Entries taken from a collection
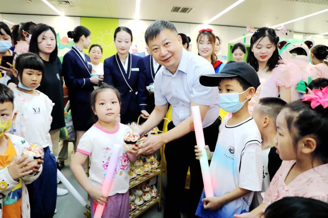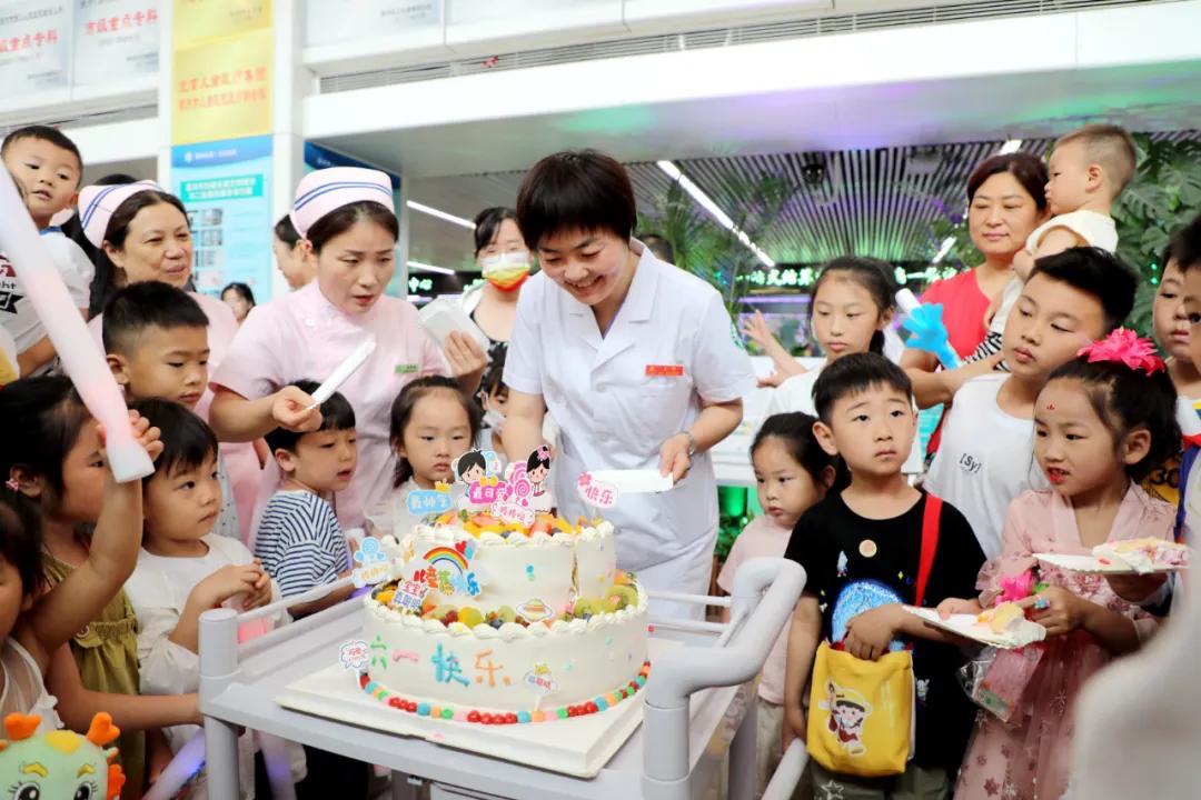 在門診大廳,黨委書記魏松、院長(zhǎng)王瑾與兒科專家、護(hù)士長(zhǎng)、孩子們一起切下節(jié)日蛋糕,并代表全院醫(yī)護(hù)人員對(duì)孩子們表示衷心的祝福,希望孩子們健康快樂成長(zhǎng)?,F(xiàn)場(chǎng),醫(yī)護(hù)人員化身白雪公主、花仙子、小黃人、網(wǎng)紅青蛙與小朋友們熱情互動(dòng),友好交流,派發(fā)精心準(zhǔn)備的節(jié)日禮物。
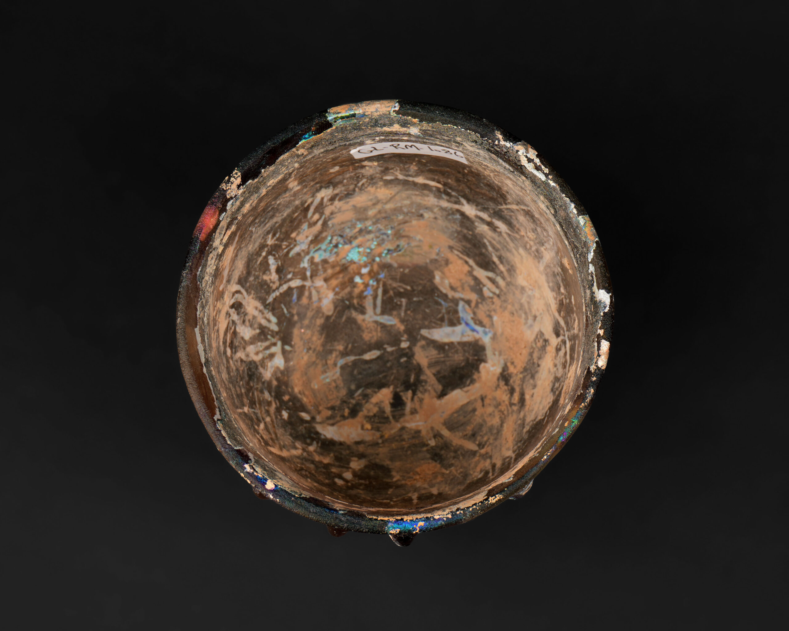 Likely used for both every day and display purposes, this bowl would have served as a functional domestic vessel and possibly as a valued item within a household’s tableware. Its durable glass, sophisticated surface effects, and rare coloration reflect both the aesthetic sensibilities and material culture of the early Imperial period. Found in Sabaste; early Roman, ca. 1st century AD.REFERENCE #
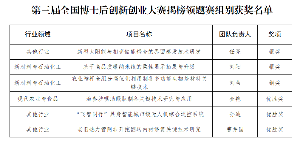 近日,天津科技大学博士后工作接连传来喜讯:在第三届全国博士后创新创业大赛揭榜领题赛中,学校2个参赛团队斩获银奖,1个团队荣膺铜奖,3个团队获得优胜奖;国家自然科学基金与中国博士后科学基金资助名单相继公布,我校5名博士后获批国家自然科学基金青年科学基金项目,1名博士后获选国家资助博士后研究人员计划(C档),4名博士后获批中国博士后科学基金面上资助,1名博士后获批中国博士后基金特别资助,1名博士后获批中国博士后基金会与天津联合资助(特别资助),彰显了学校在博士后队伍建设中的扎实成效。
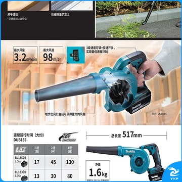 牧田/makita 牧田 DUB185 吹吸两用式吹风机 吹尘机 吹雪机 18V5.0Ah两电 农林牧渔专用仪器
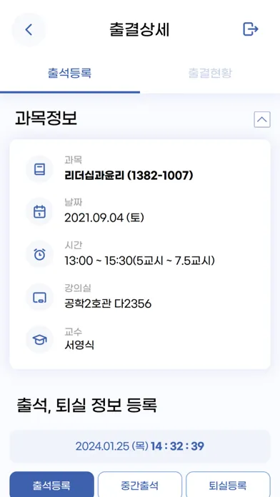 - 과목을 선택하여 현재 수업에 대한 전자출결 기능을 사용할 수 있습니다.
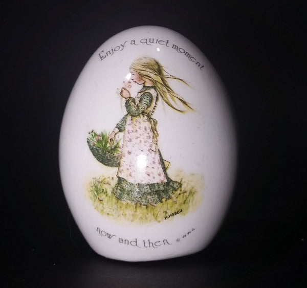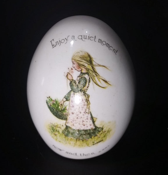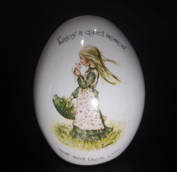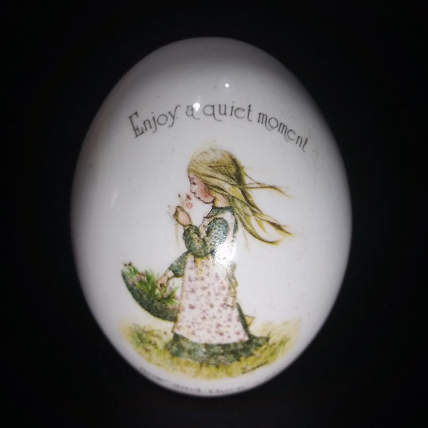 1970s Holly Hobbie "Enjoy a quiet moment now and then" Porcelain Ceramic Egg
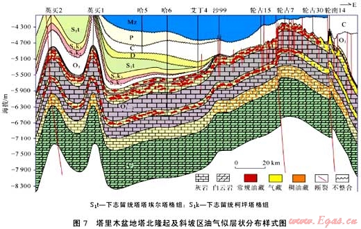似層狀成藏是碳酸鹽巖巖溶縫洞型儲集層的主要成藏樣式??死ㄅ璧乩^承性古隆起圍斜部位受風(fēng)化巖溶以及順層、層間巖溶作用的綜合影響,廣泛發(fā)育似層狀分布的巖溶縫洞型儲集層,當(dāng)充注油氣后,就形成了似層狀油氣分布格局。以塔里木盆地塔北隆起斜坡區(qū)奧陶系一間房組、鷹山組和良里塔格組成藏為例,多種巖溶作用形成的縫洞體數(shù)量多達(dá)數(shù)百甚至上千個(gè),每個(gè)縫洞單元都是一個(gè)相對獨(dú)立的油氣聚集單元(見圖7)。多套似層狀分布的油氣藏群可以形成大油氣田,如塔河油田、哈拉哈塘油田等,地質(zhì)儲量規(guī)模在數(shù)億噸甚至數(shù)十億噸。
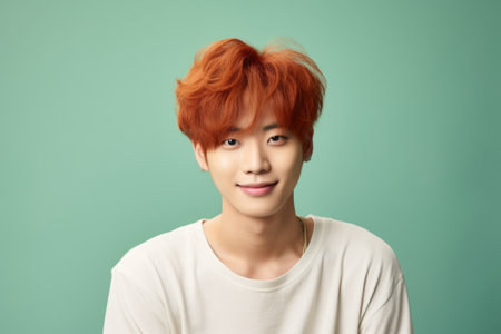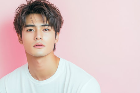 Handsome male wearing a white shirt on soft pastel color background.
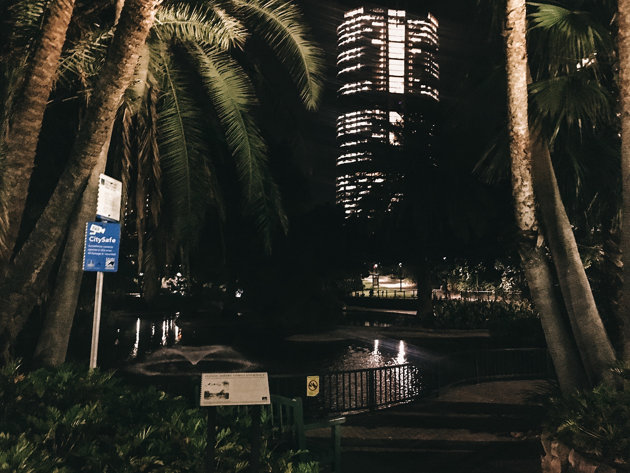 어디가 어딘지 모르지만 일단 무작정 걷기 시작했다. 내가 찾아가야 할 목적지가 확실한 게 아닌 이런 상황에는 보지 않고 정말 발길 닿는 대로 가는 것을 좋아한다. 걷던 길을 끝까지 따라가다 보니 보타닉가든이 나왔다. 10시쯤이 되면 철문이 굳게 닫히는 유럽의 많은 공원들과 달리 여기는 24시간 개방되는 점이 놀랍다. 군데군데 색깔이 변하는 조명이 설치되어 있는 것도 참신했다. 이 정도로 완벽한 날씨에 이런 도심 속 숲이라면 한국 같으면 많은 인파들로 바글바글 할 텐데 여기는 너무 조용하고 한적해서 의아했다. 아직 그렇게 늦은 시간도 아닌데 대체 브리즈번에 사는 사람들은 어디에 있는 걸까?
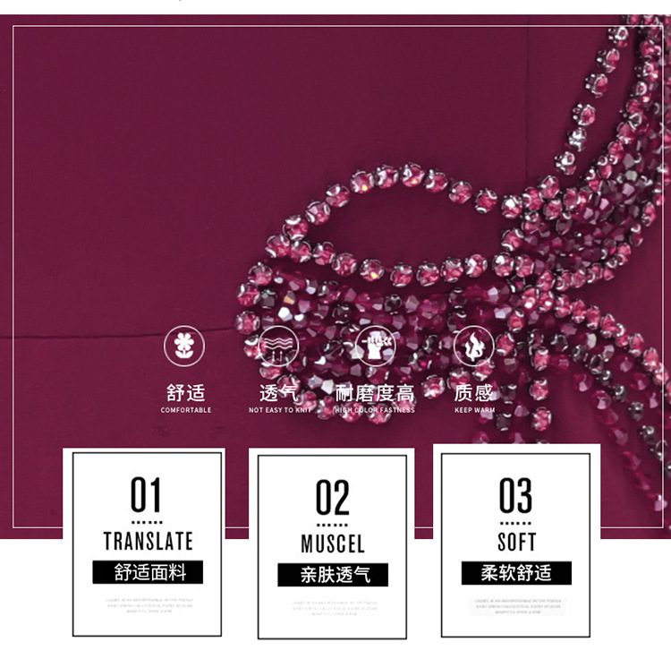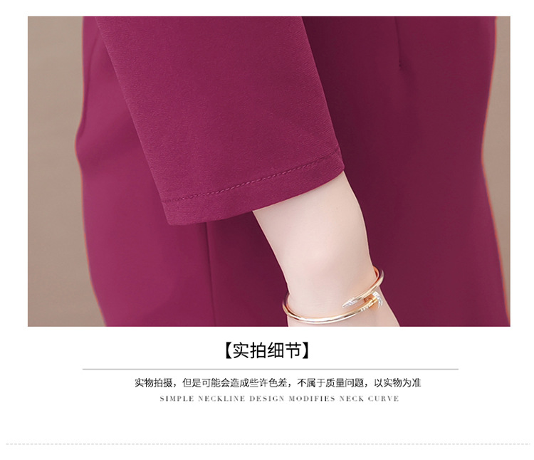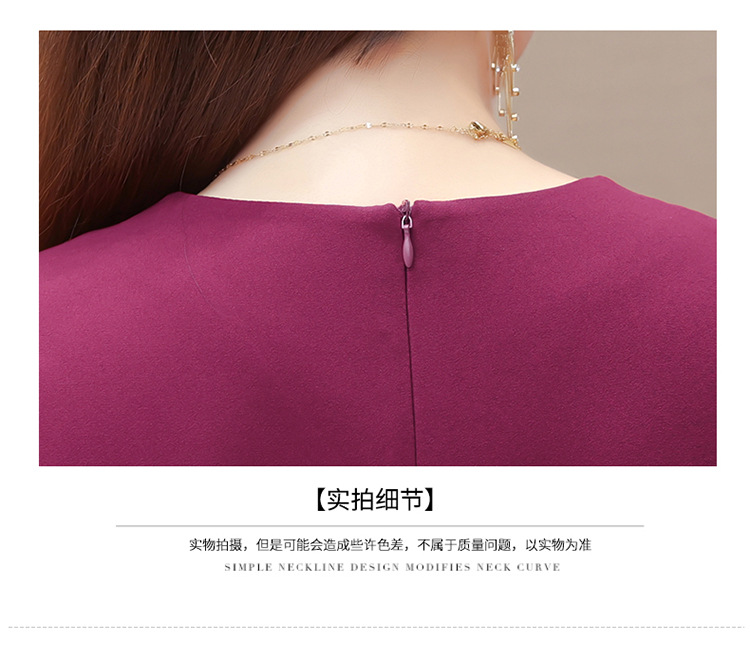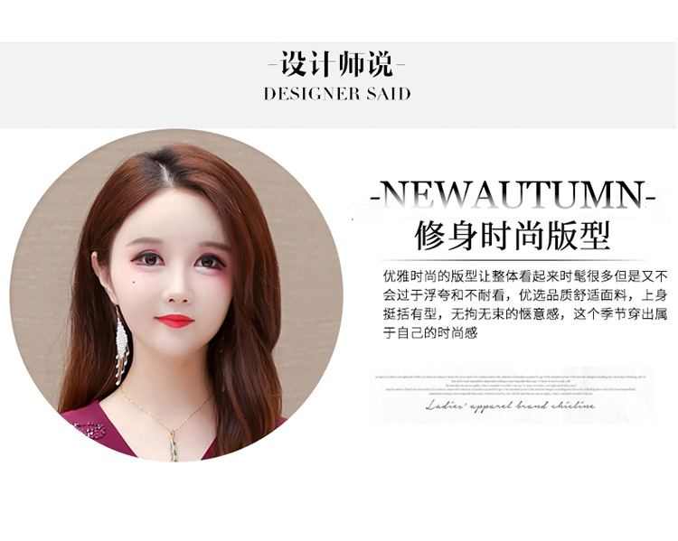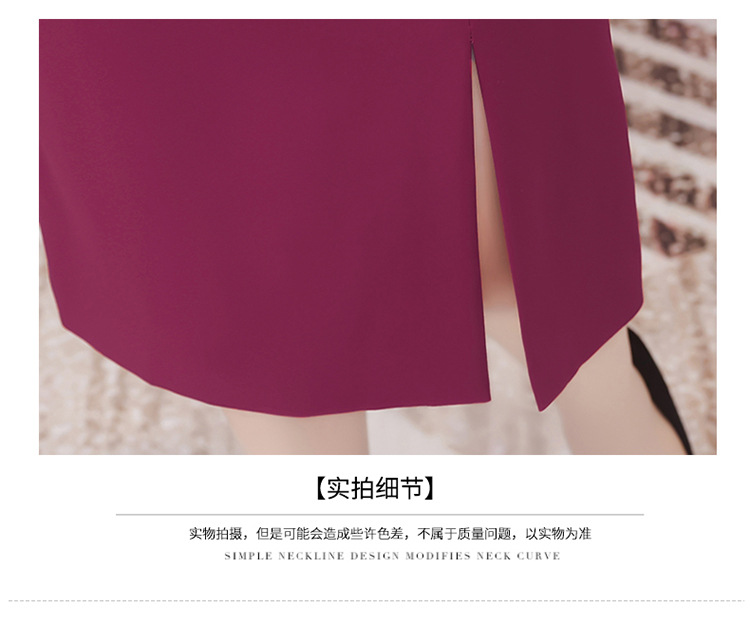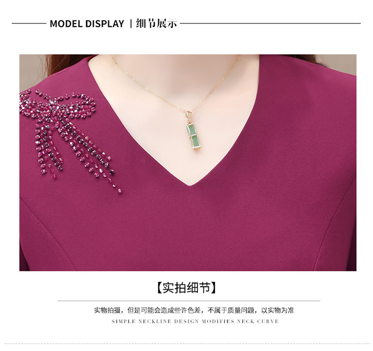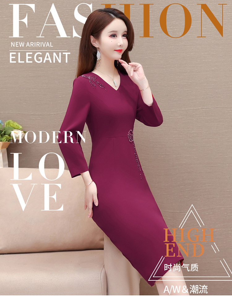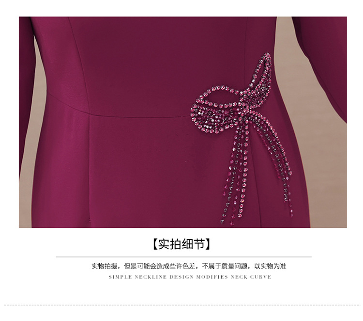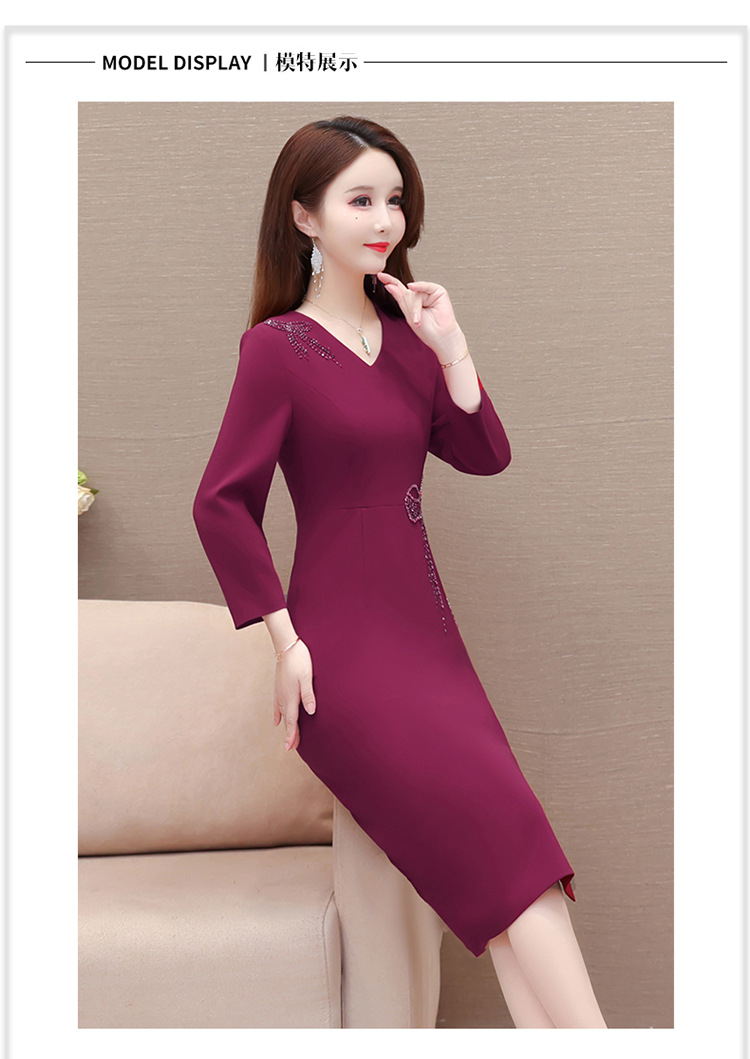 QYM-LRX-JDN8831-1-Y,紫红连衣裙秋季新款钻花中长裙2023年优雅女装中长款开衩A字裙

■ **Problem requirements**: Pictures are to be left out when the entries above are repeated exactly.

■ **Result of this exercise**:
 在門診大廳,黨委書記魏松、院長(zhǎng)王瑾與兒科專家、護(hù)士長(zhǎng)、孩子們一起切下節(jié)日蛋糕,并代表全院醫(yī)護(hù)人員對(duì)孩子們表示衷心的祝福,希望孩子們健康快樂成長(zhǎng)?,F(xiàn)場(chǎng),醫(yī)護(hù)人員化身白雪公主、花仙子、小黃人、網(wǎng)紅青蛙與小朋友們熱情互動(dòng),友好交流,派發(fā)精心準(zhǔn)備的節(jié)日禮物。
 Likely used for both every day and display purposes, this bowl would have served as a functional domestic vessel and possibly as a valued item within a household’s tableware. Its durable glass, sophisticated surface effects, and rare coloration reflect both the aesthetic sensibilities and material culture of the early Imperial period. Found in Sabaste; early Roman, ca. 1st century AD.REFERENCE #
 近日,天津科技大学博士后工作接连传来喜讯:在第三届全国博士后创新创业大赛揭榜领题赛中,学校2个参赛团队斩获银奖,1个团队荣膺铜奖,3个团队获得优胜奖;国家自然科学基金与中国博士后科学基金资助名单相继公布,我校5名博士后获批国家自然科学基金青年科学基金项目,1名博士后获选国家资助博士后研究人员计划(C档),4名博士后获批中国博士后科学基金面上资助,1名博士后获批中国博士后基金特别资助,1名博士后获批中国博士后基金会与天津联合资助(特别资助),彰显了学校在博士后队伍建设中的扎实成效。
 牧田/makita 牧田 DUB185 吹吸两用式吹风机 吹尘机 吹雪机 18V5.0Ah两电 农林牧渔专用仪器
 - 과목을 선택하여 현재 수업에 대한 전자출결 기능을 사용할 수 있습니다.
 1970s Holly Hobbie "Enjoy a quiet moment now and then" Porcelain Ceramic Egg
似層狀成藏是碳酸鹽巖巖溶縫洞型儲集層的主要成藏樣式??死ㄅ璧乩^承性古隆起圍斜部位受風(fēng)化巖溶以及順層、層間巖溶作用的綜合影響,廣泛發(fā)育似層狀分布的巖溶縫洞型儲集層,當(dāng)充注油氣后,就形成了似層狀油氣分布格局。以塔里木盆地塔北隆起斜坡區(qū)奧陶系一間房組、鷹山組和良里塔格組成藏為例,多種巖溶作用形成的縫洞體數(shù)量多達(dá)數(shù)百甚至上千個(gè),每個(gè)縫洞單元都是一個(gè)相對獨(dú)立的油氣聚集單元(見圖7)。多套似層狀分布的油氣藏群可以形成大油氣田,如塔河油田、哈拉哈塘油田等,地質(zhì)儲量規(guī)模在數(shù)億噸甚至數(shù)十億噸。
 Handsome male wearing a white shirt on soft pastel color background.
 어디가 어딘지 모르지만 일단 무작정 걷기 시작했다. 내가 찾아가야 할 목적지가 확실한 게 아닌 이런 상황에는 보지 않고 정말 발길 닿는 대로 가는 것을 좋아한다. 걷던 길을 끝까지 따라가다 보니 보타닉가든이 나왔다. 10시쯤이 되면 철문이 굳게 닫히는 유럽의 많은 공원들과 달리 여기는 24시간 개방되는 점이 놀랍다. 군데군데 색깔이 변하는 조명이 설치되어 있는 것도 참신했다. 이 정도로 완벽한 날씨에 이런 도심 속 숲이라면 한국 같으면 많은 인파들로 바글바글 할 텐데 여기는 너무 조용하고 한적해서 의아했다. 아직 그렇게 늦은 시간도 아닌데 대체 브리즈번에 사는 사람들은 어디에 있는 걸까?
 QYM-LRX-JDN8831-1-Y,紫红连衣裙秋季新款钻花中长裙2023年优雅女装中长款开衩A字裙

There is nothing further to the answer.